Records from a collection:
^^^^^^^^^^^^^^^^
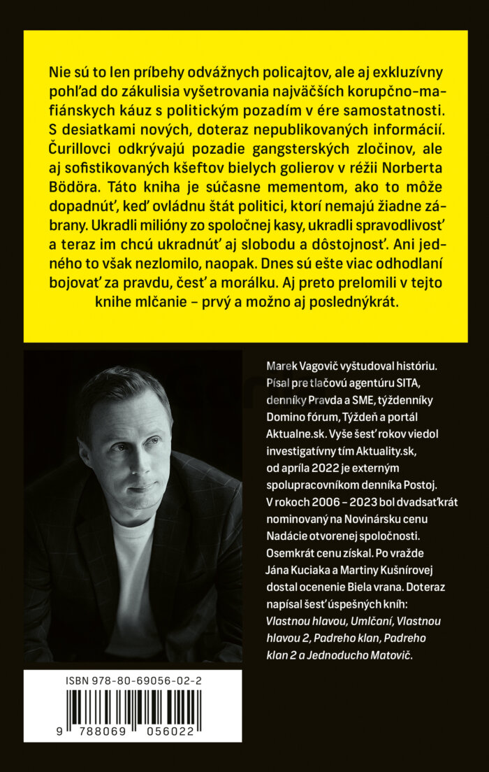 Po románových thrilleroch Padreho klan a Padreho klan 2 sa investigatívny novinár Marek Vagovič vracia k literatúre faktu. Na takmer 330 stranách opisuje strhujúce príbehy policajtov okolo Jána Čurillu, ktorí sa tvrdou prácou vypracovali na elitu vo svojom odbore. Najskôr postavili pred súd najobávanejšie zločinecké skupiny v krajine – piťovcov, sýkorovcov, sátorovcov, takáčovcov. Viacerých chcela mafia zabiť, takže chodili ozbrojení alebo s ochrankou.
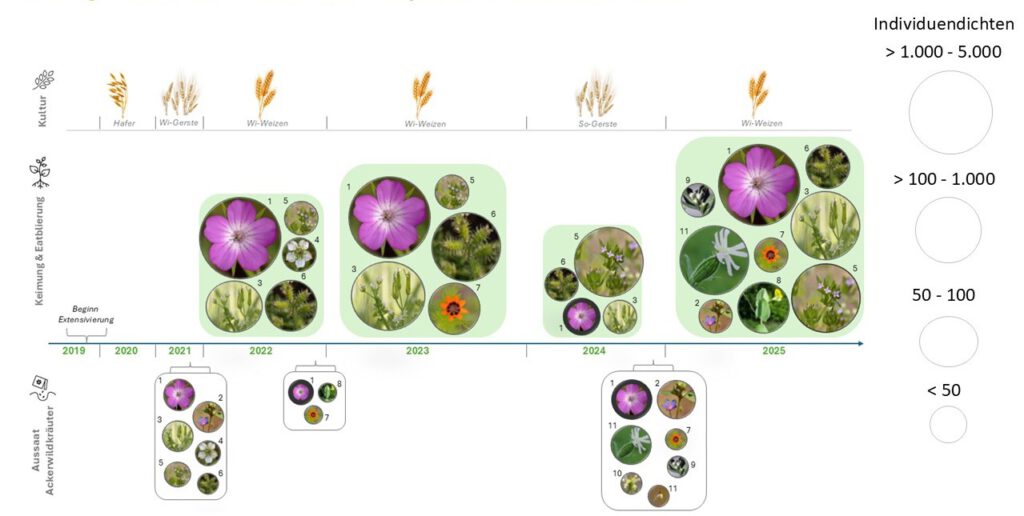 Die Wiederansiedlung bedrohter Ackerwildkräuter in Sachsen-Anhalt wurde bereits versuchsweise im „Modellprojekt zur Verbesserung der Situation von Ackerwildkräutern in Sachsen-Anhalt“ gestestet und wird im Projekt „Erhaltung und Wiederherstellung der gefährdeten Segetalflora Sachsen-Anhalts“ erstmals auf mehreren Äckern in Sachsen-Anhalt
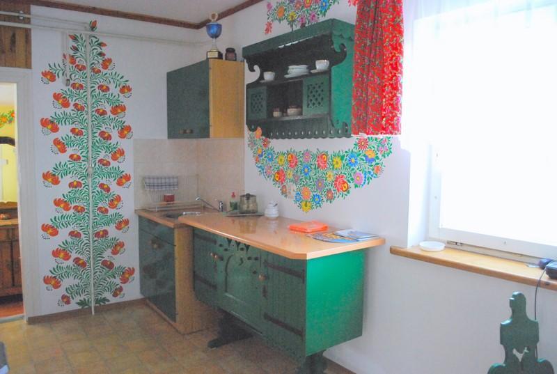 Zapraszamy do magicznego Zalipia, gdzie czeka na Państwa urokliwy, wolnostojący dom jednorodzinny, ozdobiony tradycyjnymi, ręcznie malowanymi motywami kwiatowymi. Nasz dom to idealne miejsce na wypoczynek dla maksymalnie 5 osób. Oferujemy dwa komfortowe pokoje, każdy z własną łazienką i osobnym wejściem. Dla większej wygody, pokoje można połączyć, tworząc przestronną powierzchnię mieszkalną. Kuchnia jest wyposażona we wszystkie niezbędne sprzęty, co pozwala na samodzielne przygotowywanie posiłków.
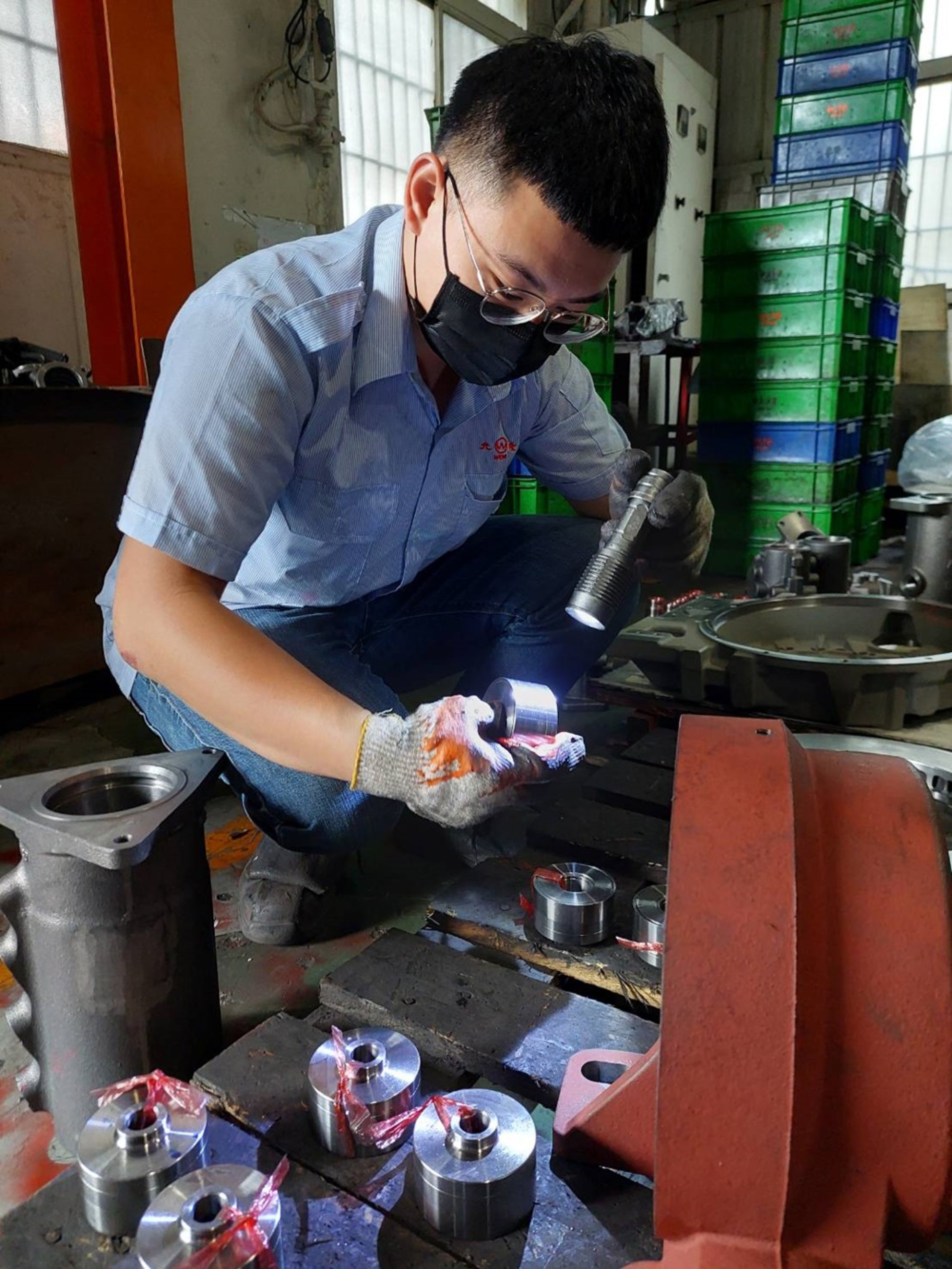 圖一_鑄造專班學生於光隆股份有限公司現場進行產品檢驗工作
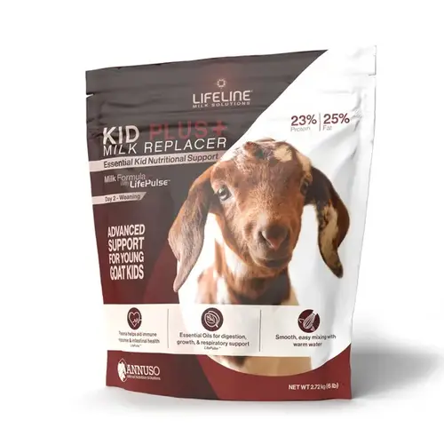 Kid Plus+- Milk Replacer is an optimal blend of 23% protein and 25% fat formulated with LifePulse for added support. Guaranteed Analysis: Crude Protein, min ...23 Crude Fat, min ...25 Lysine, min ...2.0 Calcium, min...0.75 Calcium, max...1.25 Phosphorus, min ...0.6 Copper, min ...4.6 ppm Copper, max ...5.5 ppm Selenium, min...0.3 ppm Vitamin A, min ...16,000 IU/lb Vitamin E, min...160 IU/lb Ingredients: Dried Whey Protein Concentrate, Dried Whey, Condensed Whey, Animal Plasma, Animal Fat (preserved with BHA, BHT or Citric Acid), Vegetable Fats, Monoglycerides of Edible Oils, Silicon Dioxide, Dried Skim Milk, Dicalcium Phosphate, L-Lysine Monohydrochloride, Calcium Carbonate, L-Threonine, DL-Methionine, Lecithin, Polyoxyethylene Glycol 400 (mono & dioleates), Vitamin E Supplement, Ascorbic Acid, Ferrous Sulfate, Manganese Sulfate, Oregano Oil, Thyme Oil, Natural Flavors, Anise Oil, Zinc Sulfate, Iron Proteinate, Vitamin A Supplement, Zinc Proteinate, Manganese Proteinate, Selenium Yeast, Brewers Dried Yeast, Copper Proteinate, Vitamin D3 Supplement, Sodium Selenite, d-Calcium Pantothenate, Niacinamide, Maltodextrin, Biotin, Calcium Iodate, Riboflavin, Folic Acid, Vitamin B12 Supplement, Pyridoxine Hydrochloride, Thiamine Mononitrate, Menadione Sodium Bisulfite Complex (source of Vitamin K3), Cobalt Sulfate
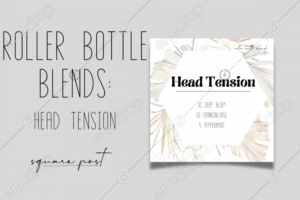 Square post detailing the oils used to make up the roller blend that can help relieve head tension. Watercolor, boho, floral.
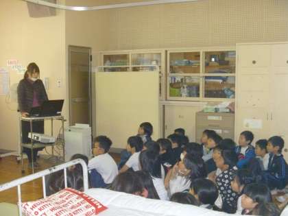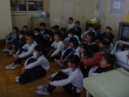 その後、保健の滝本先生から「友達どうしがトラブルを起こしているのを見たらどうするか?」について、紙芝居を見ながらお話を聞きました。
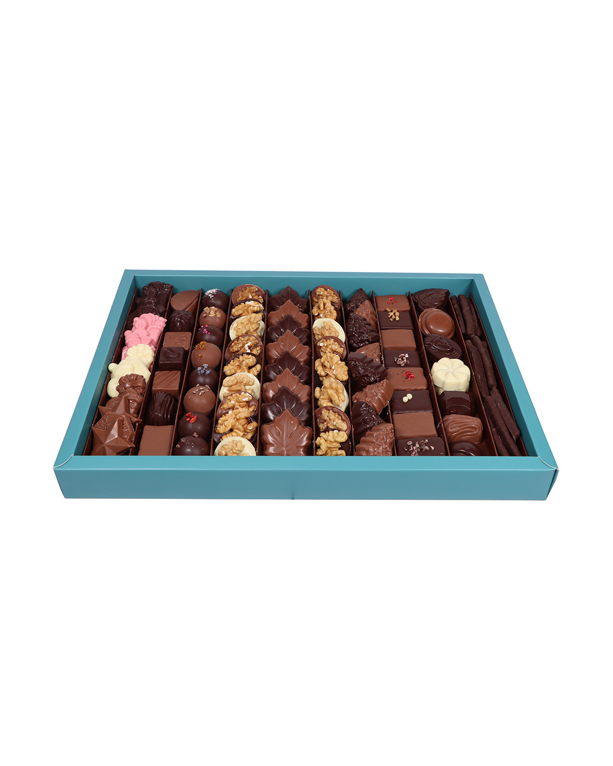 Caixa de bombó de 1000gr assortida de diferents xocolates i sabors. Inclou xocolates amb motius nadalencs.
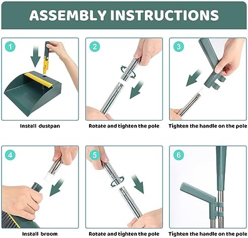 🏞️【Long Handle Broom and Dustpan】Refer to our installation instructions, you can easily assemble the broom and dustpan, the broom can reach 44 inches, the dustpan can reach 43 inches.No more bending over while sweeping, providing a comfortable and easy cleaning experience.The dustpan sits flush with the floor, preventing small garbage and dust from getting swept under it.
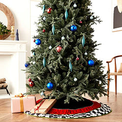 - Complete your Christmas tree decor with this Kurt Adler 52-Inch Black and White Checkered Treeskirt. With its black and white checkerboard border design and layers of black and red in the center, this tree skirt is sure to lend a fun and unique style to your tree!
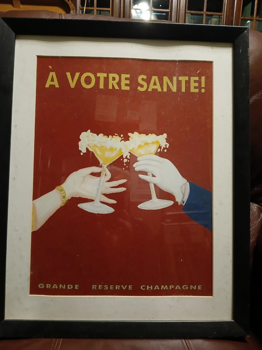 This piece features the iconic "A Votre Sante"! (To Your Health)! Style: Vintage French Lithograph Reproduction.
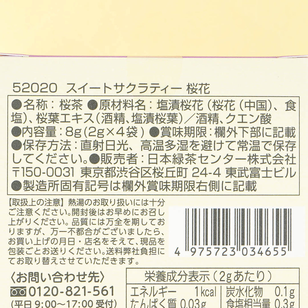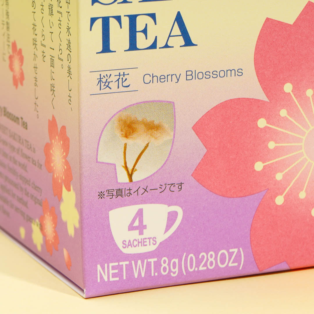 Enjoy the taste of cherry blossoms with this box of tea bags! Each tea bag makes for a cup of slightly sweet sakura tea. Inside are salted cherry blossoms and leaves - watch the flowers open when submerged in hot water! The tea goes perfectly with your favorite dessert.
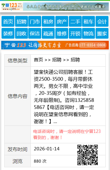 免责声明:本栏目信息由网友自行发布,望奎信息网不承担任何责任!提高警惕,谨防诈骗!做推广、做信息置顶!请加望奎信息网客服微信:wangku0455
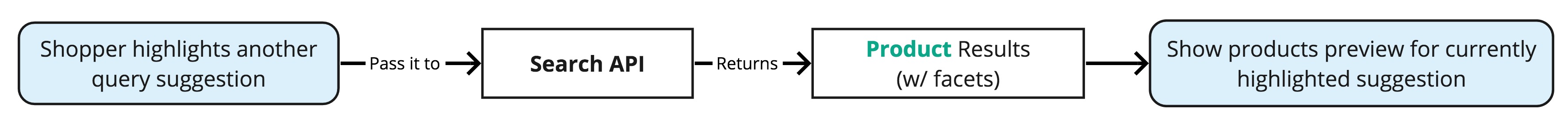 When a shopper highlights a different query suggestion from the list, simply hit the Search API again to show product results for the new query.
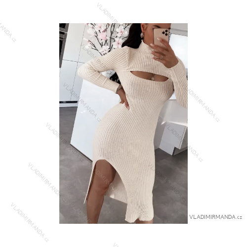 Women's Elegant Knitted Long Sleeve Dress (S/M ONE SIZE) ITALIAN FASHION IMPBB22Y22990
^^^^^^^^^^^^^^^^
== Work order ==
Nothing but the lines from the one holding "swept under it." through the last line of the entries should be written out, exactly and inclusively, minus the pictures.

== The completed task ==
 🏞️【Long Handle Broom and Dustpan】Refer to our installation instructions, you can easily assemble the broom and dustpan, the broom can reach 44 inches, the dustpan can reach 43 inches.No more bending over while sweeping, providing a comfortable and easy cleaning experience.The dustpan sits flush with the floor, preventing small garbage and dust from getting swept under it.
 - Complete your Christmas tree decor with this Kurt Adler 52-Inch Black and White Checkered Treeskirt. With its black and white checkerboard border design and layers of black and red in the center, this tree skirt is sure to lend a fun and unique style to your tree!
 This piece features the iconic "A Votre Sante"! (To Your Health)! Style: Vintage French Lithograph Reproduction.
 Enjoy the taste of cherry blossoms with this box of tea bags! Each tea bag makes for a cup of slightly sweet sakura tea. Inside are salted cherry blossoms and leaves - watch the flowers open when submerged in hot water! The tea goes perfectly with your favorite dessert.
 免责声明:本栏目信息由网友自行发布,望奎信息网不承担任何责任!提高警惕,谨防诈骗!做推广、做信息置顶!请加望奎信息网客服微信:wangku0455
 When a shopper highlights a different query suggestion from the list, simply hit the Search API again to show product results for the new query.
 Women's Elegant Knitted Long Sleeve Dress (S/M ONE SIZE) ITALIAN FASHION IMPBB22Y22990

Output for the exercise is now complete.